What is required:
Retype every line of the data below, starting with the first and ending with the line that contains "Conform studiului SOCIOPOL, majoritatea", but leave out the pictures.

Dataset excerpt:

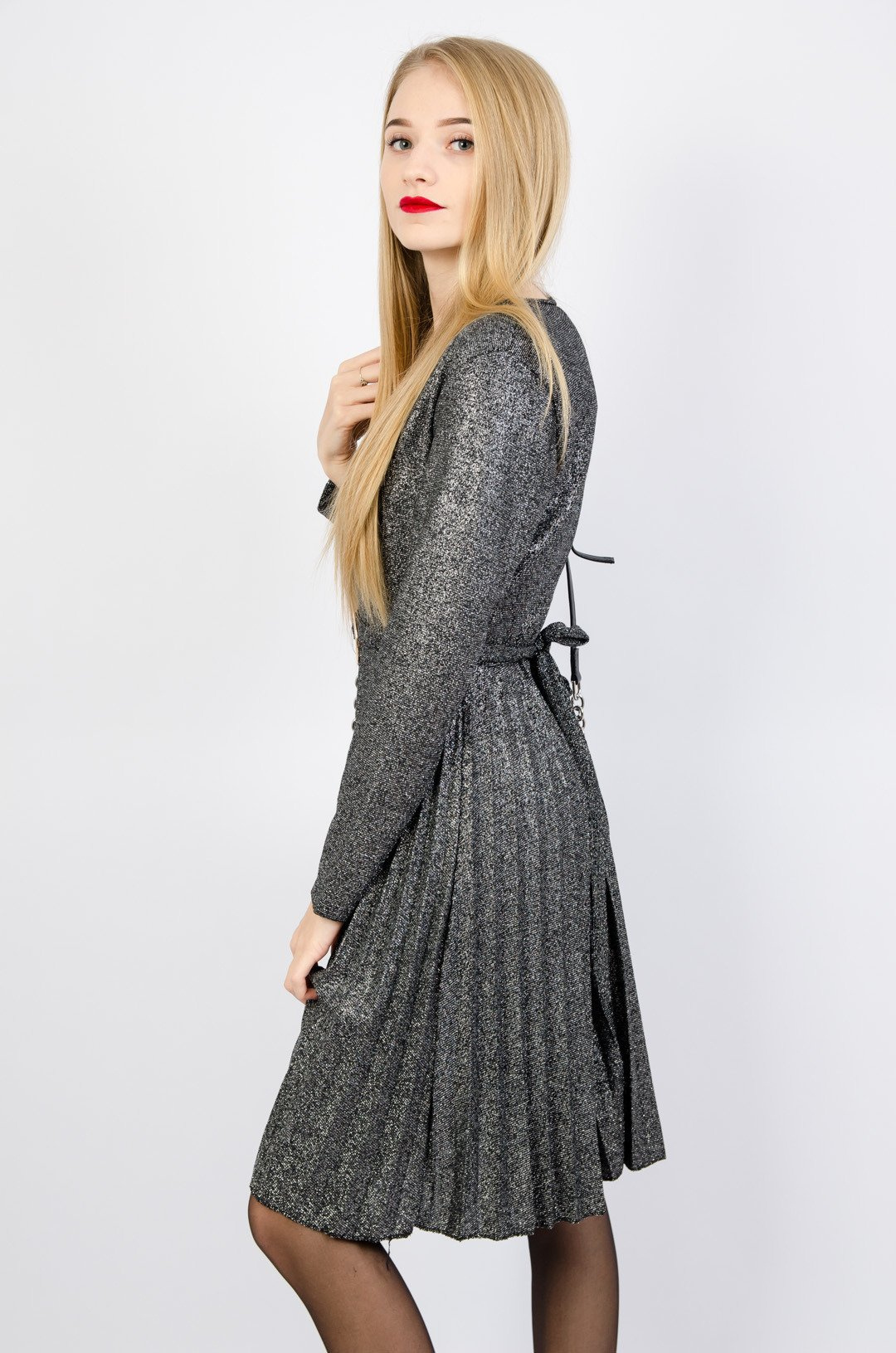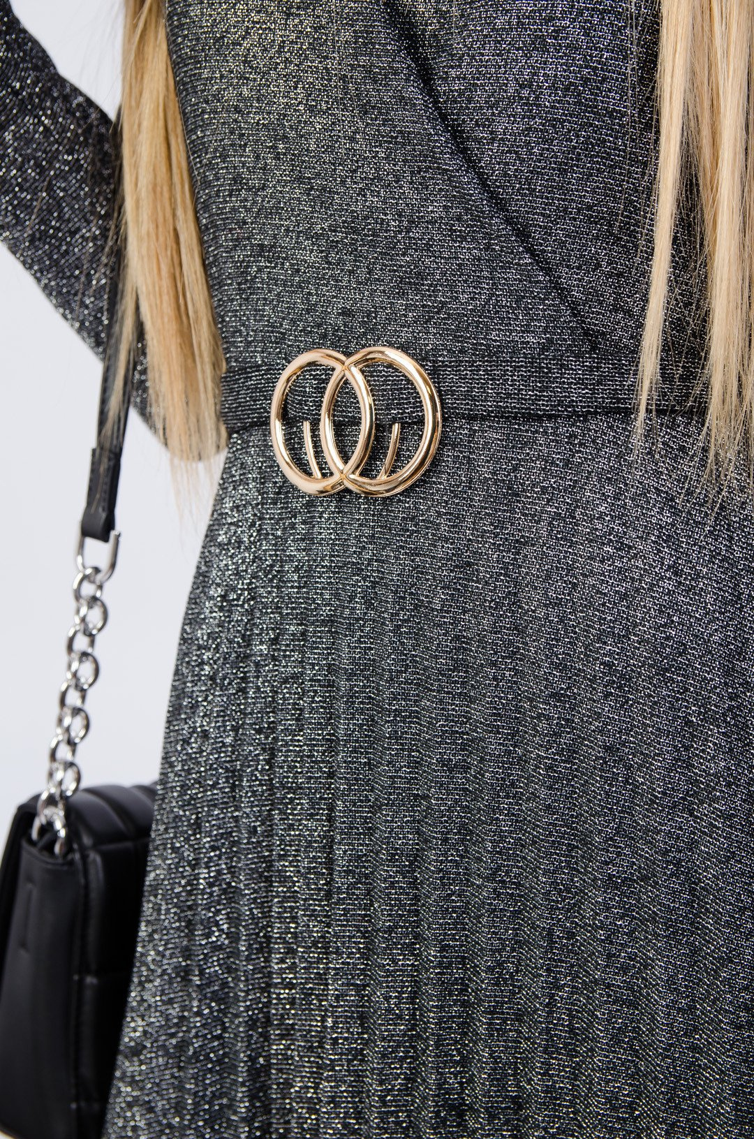 SZARA BROKATOWA SUKIENKA Z PLISOWANYM DOŁEM + PASEK
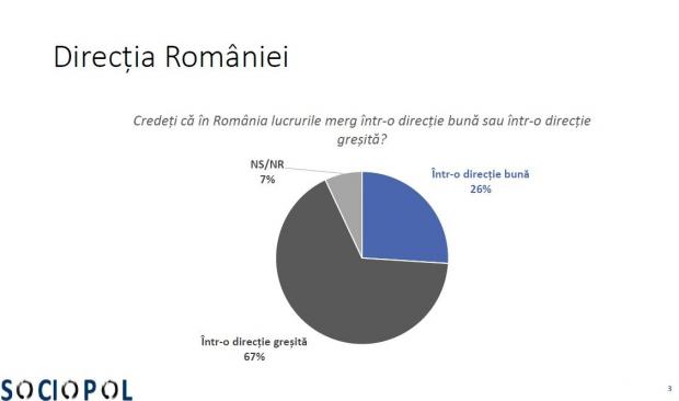 Conform studiului SOCIOPOL, majoritatea românilor este de părere că România nu se îndreaptă într-o direcţie bună. Mai exact, 67% aceştia consideră că România se îndreaptă în direcţia greşită. 26% consideră că suntem pe drumul cel bun.
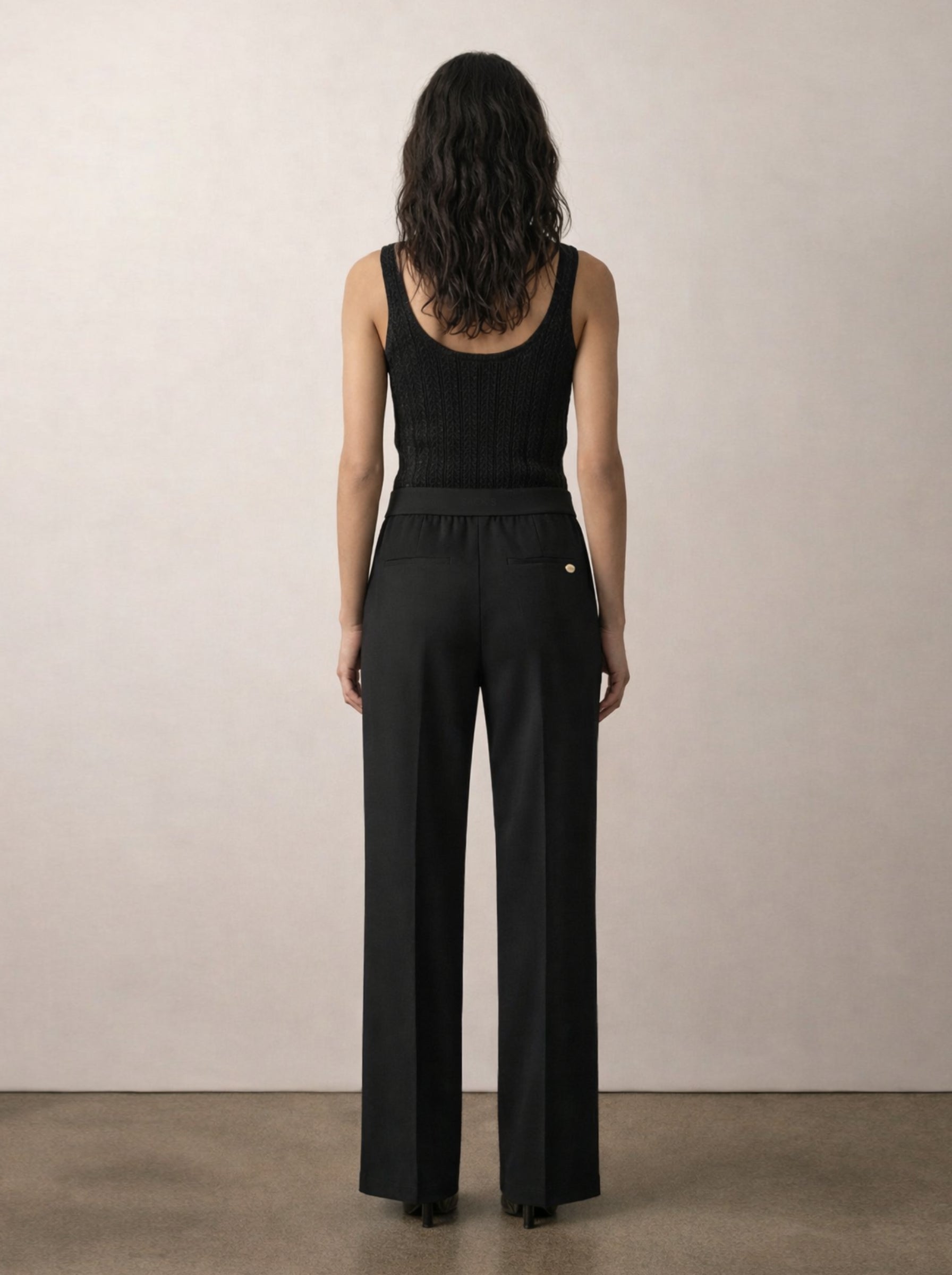 מכנסיים רחבים ונשפכים בעיצוב שמדגיש נוחות עם גימור מוקפד. מותן אלסטית ללבישה קלה, תוך שמירה על מראה מחויט ונקי. רגל ישרה וזורמת שיוצרת סילואט מחמיא לאורך כל היום. קלים ורב-שימושיים, מתאימים ללבוש יומיומי או אלגנטי. מושלמים עם חולצה תחובה או סריג רפוי. זמינים בשחור, חום וקרם.
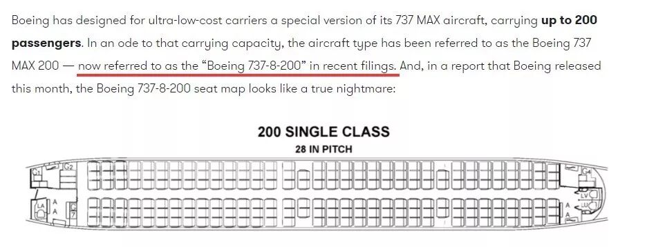 根据国外一些专业网站的报道,这款客机是因为设计缺陷而已被全球多个国家禁飞的波音737 MAX 8型客机的改版,其改变之处在于座位数增加到了近200个,故而得名“737 MAX 200”。

Result of this exercise:
 SZARA BROKATOWA SUKIENKA Z PLISOWANYM DOŁEM + PASEK
 Conform studiului SOCIOPOL, majoritatea românilor este de părere că România nu se îndreaptă într-o direcţie bună. Mai exact, 67% aceştia consideră că România se îndreaptă în direcţia greşită. 26% consideră că suntem pe drumul cel bun.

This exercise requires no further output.